**PROBLEM TO WORK ON:** Pictures are to be left out. Return exactly the lines below from the one with "2 кроны. Австро-Венгрия 1917г" up to and including the one with "Dish on footring, spreading".

**RECORDS PROVIDED:**
===

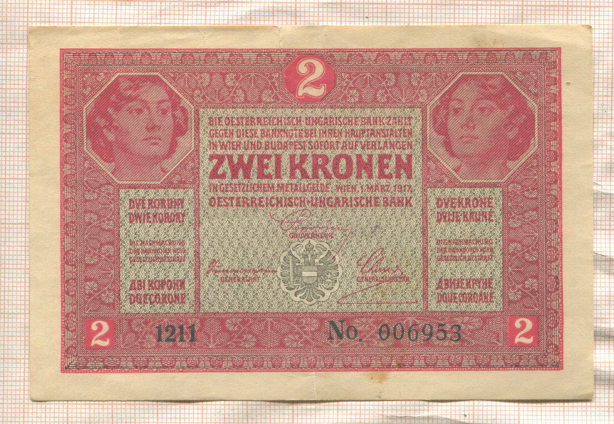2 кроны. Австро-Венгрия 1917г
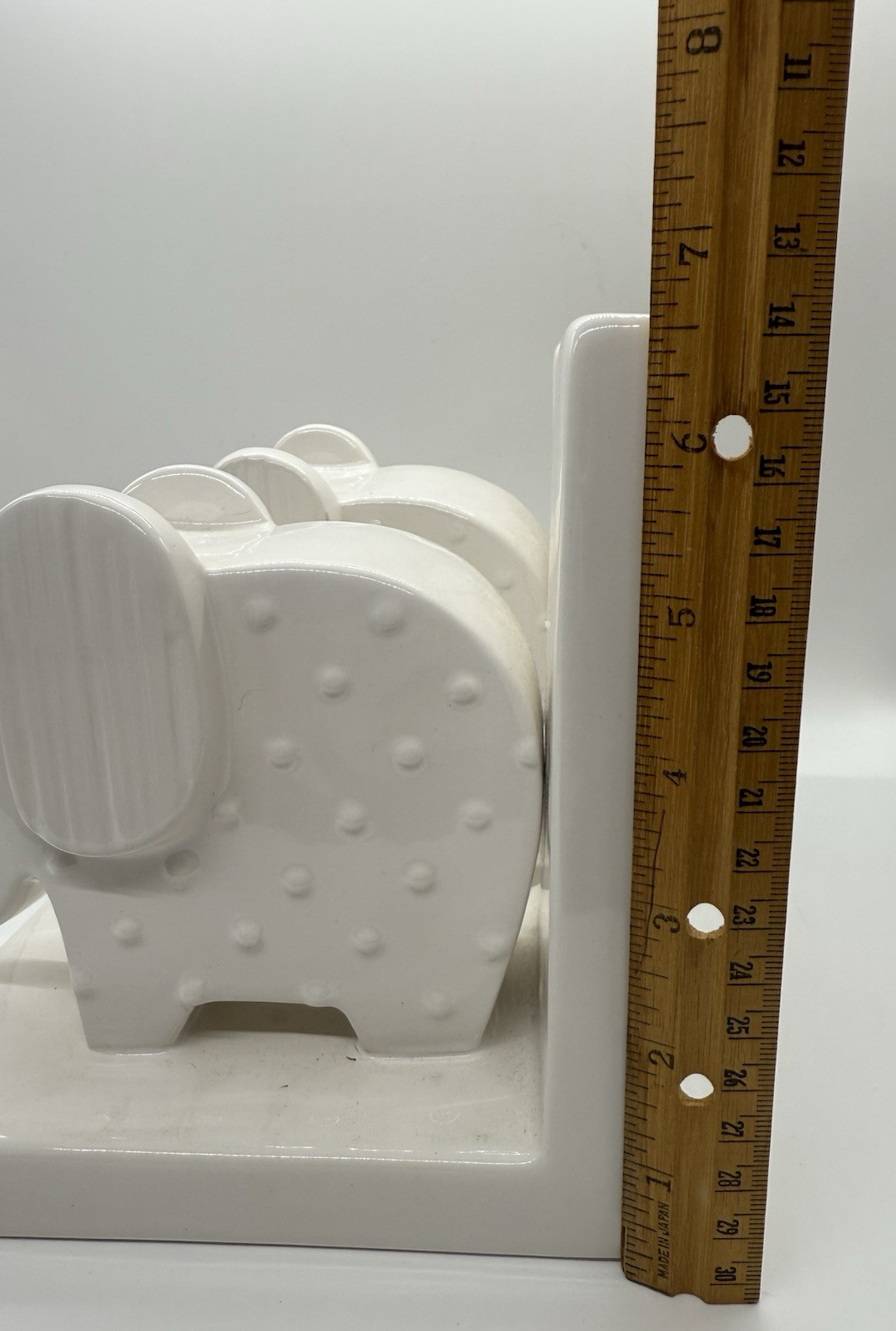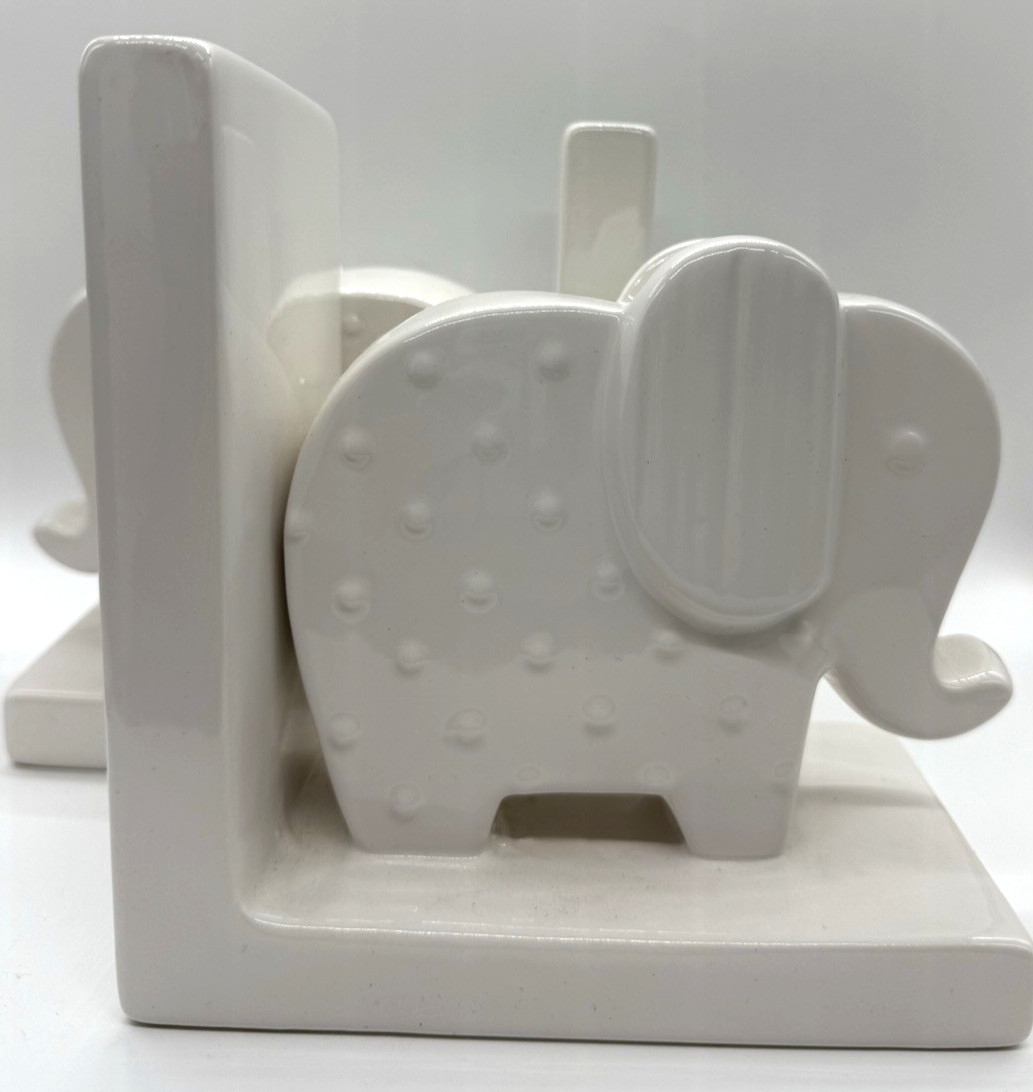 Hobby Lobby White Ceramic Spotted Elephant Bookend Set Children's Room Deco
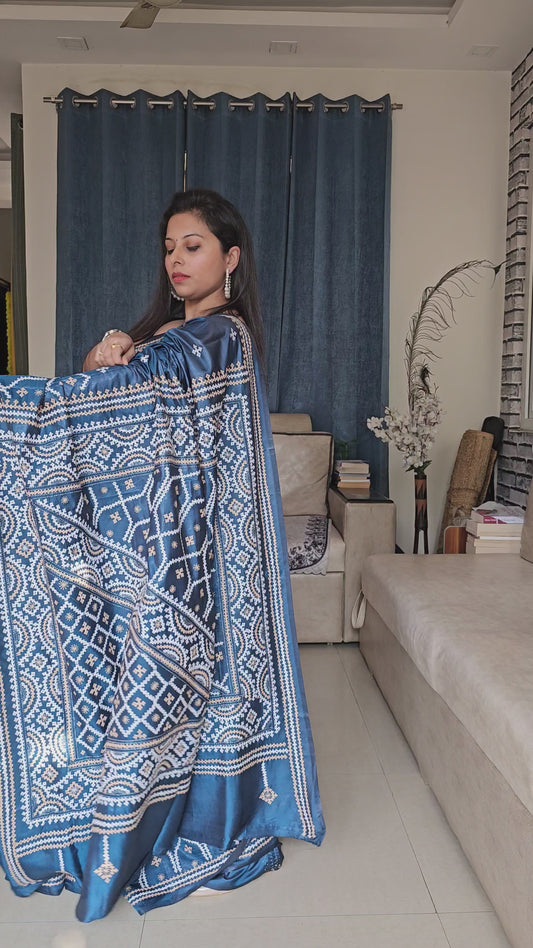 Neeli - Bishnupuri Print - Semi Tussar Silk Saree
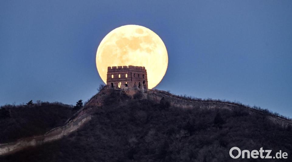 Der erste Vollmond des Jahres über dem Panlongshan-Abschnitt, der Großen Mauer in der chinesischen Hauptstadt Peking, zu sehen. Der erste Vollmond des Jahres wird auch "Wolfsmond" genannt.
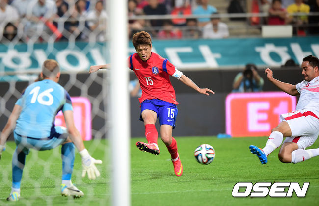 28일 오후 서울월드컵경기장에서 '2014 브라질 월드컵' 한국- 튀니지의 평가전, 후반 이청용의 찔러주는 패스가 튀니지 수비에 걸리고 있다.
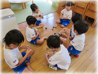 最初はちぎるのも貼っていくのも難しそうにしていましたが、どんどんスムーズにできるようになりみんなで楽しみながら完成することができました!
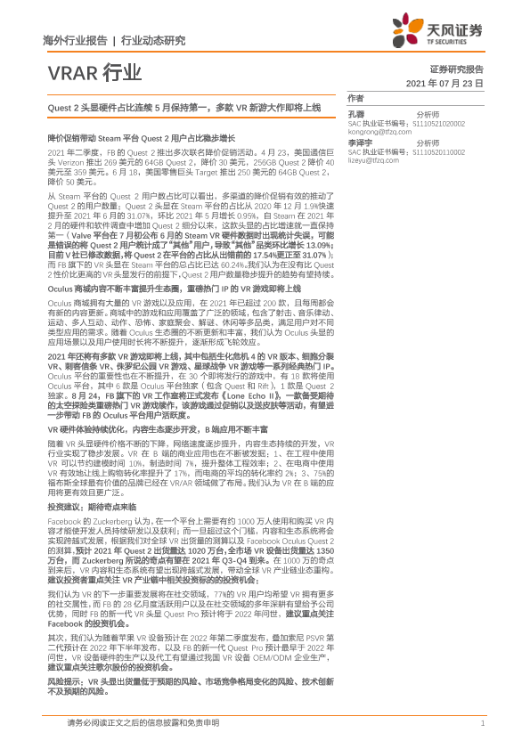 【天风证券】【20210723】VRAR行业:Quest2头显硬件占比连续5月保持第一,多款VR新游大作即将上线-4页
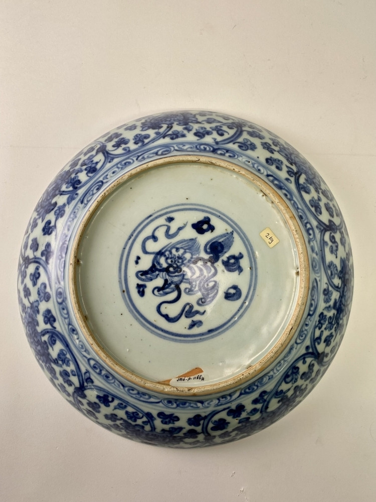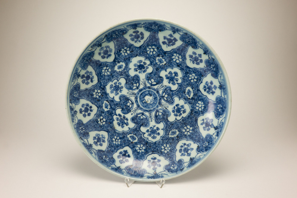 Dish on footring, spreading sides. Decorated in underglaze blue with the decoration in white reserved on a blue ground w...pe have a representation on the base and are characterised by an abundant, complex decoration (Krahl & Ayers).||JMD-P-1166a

===

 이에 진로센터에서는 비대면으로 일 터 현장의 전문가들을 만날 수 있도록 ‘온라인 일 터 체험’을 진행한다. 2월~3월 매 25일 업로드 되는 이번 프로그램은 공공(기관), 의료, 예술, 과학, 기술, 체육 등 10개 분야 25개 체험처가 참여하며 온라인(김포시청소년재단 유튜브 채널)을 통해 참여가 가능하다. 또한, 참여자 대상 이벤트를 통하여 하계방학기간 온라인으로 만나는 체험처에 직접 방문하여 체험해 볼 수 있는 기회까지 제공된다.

===

**SOLUTION:**
2 кроны. Австро-Венгрия 1917г
 Hobby Lobby White Ceramic Spotted Elephant Bookend Set Children's Room Deco
 Neeli - Bishnupuri Print - Semi Tussar Silk Saree
 Der erste Vollmond des Jahres über dem Panlongshan-Abschnitt, der Großen Mauer in der chinesischen Hauptstadt Peking, zu sehen. Der erste Vollmond des Jahres wird auch "Wolfsmond" genannt.
 28일 오후 서울월드컵경기장에서 '2014 브라질 월드컵' 한국- 튀니지의 평가전, 후반 이청용의 찔러주는 패스가 튀니지 수비에 걸리고 있다.
 最初はちぎるのも貼っていくのも難しそうにしていましたが、どんどんスムーズにできるようになりみんなで楽しみながら完成することができました!
 【天风证券】【20210723】VRAR行业:Quest2头显硬件占比连续5月保持第一,多款VR新游大作即将上线-4页
 Dish on footring, spreading sides. Decorated in underglaze blue with the decoration in white reserved on a blue ground w...pe have a representation on the base and are characterised by an abundant, complex decoration (Krahl & Ayers).||JMD-P-1166a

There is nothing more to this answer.